RdWrNfsDeferredWritesFlushDelay
The default is 60. This parameter is a soft timeout that controls the duration of NFS V3 UNSTABLE Write data caching. The minimum is 1, and the maximum is 600. Actual lifetime is approximately equal to RdWrNfsDeferredWritesFlushDelay multiplied by RdWrThreadSleepTime.
CacheAddFromCreateAndMkDir
The default is 1 (enabled). This parameter controls whether handles that are opened during NFS V2 and V3 CREATE and MKDIR RPC procedure handlers are retained in the file handle cache. Set this value to 0 to disable adding entries to the cache in CREATE and MKDIR code paths.
AdditionalDelayedWorkerThreads
Increases the number of delayed worker threads that are created for the specified work queue. Delayed worker threads process work items that are not considered time-critical and that can have their memory stack paged out while waiting for work items. An insufficient number of threads reduces the rate at which work items are serviced; a value that is too high consumes system resources unnecessarily.
NtfsDisable8dot3NameCreation
The default in Windows Server 2012 and Windows Server 2012 R2 is 2. In releases prior to Windows Server 2012, the default is 0. This parameter determines whether NTFS generates a short name in the 8dot3 (MSDOS) naming convention for long file names and for file names that contain characters from the extended character set.

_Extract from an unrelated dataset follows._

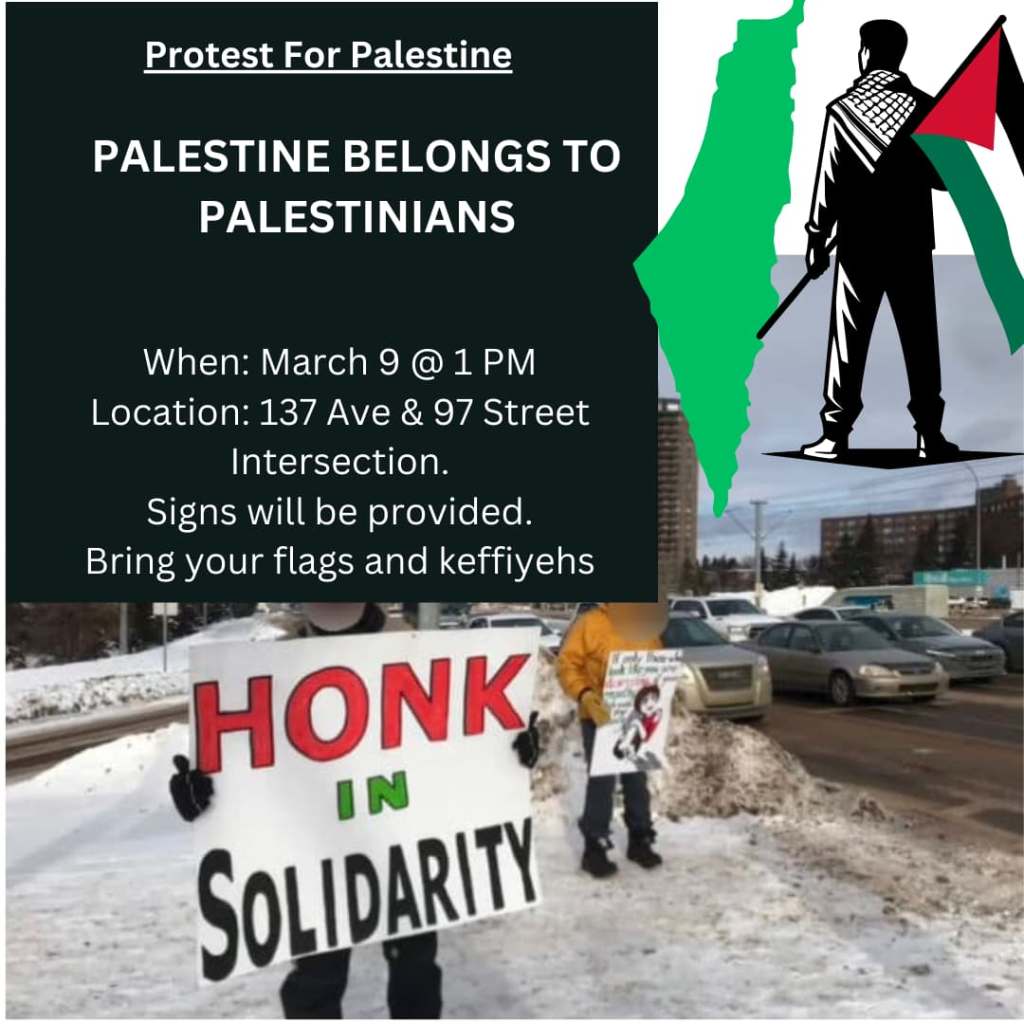 March 9th, Sunday – Palestine belongs to Palestine: This will be a human presence where people hold up signs to drivers and pedestrians to remind them about Palestine. Honk for Solidarity.

If the value of this entry is 0, files can have two names: the name that the user specifies and the short name that NTFS generates. If the user-specified name follows the 8dot3 naming convention, NTFS does not generate a short name. A value of 2 means that this parameter can be configured per volume.
Note
The system volume has 8dot3 enabled by default. All other volumes in Windows Server 2012 and Windows Server 2012 R2 have 8dot3 disabled by default. Changing this value does not change the contents of a file, but it avoids the short-name attribute creation for the file, which also changes how NTFS displays and manages the file. For most file servers, the recommended setting is 1 (disabled).

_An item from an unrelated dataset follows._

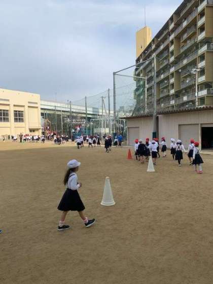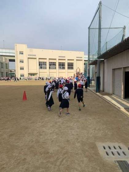 今日の15分休みには1年生の4クラスが走りしました。見守る2年生も手拍子で応援です。
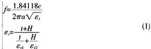 圆形贴片的主模是TMll模,根据上述天线结构,TMll模的场能量集中在空气层。若激励单元的谐振频率为f,激励模式为TMll模。那么,当贴片形状为圆形,激励板半径为a时,则有:

NtfsDisableLastAccessUpdate
The default is 1. This system-global switch reduces disk I/O load and latencies by disabling the updating of the date and time stamp for the last file or directory access.
MaxConcurrentConnectionsPerIp
The default value of the MaxConcurrentConnectionsPerIp parameter is 16. You can increase this value up to a maximum of 8192 to increase the number of connections per IP address.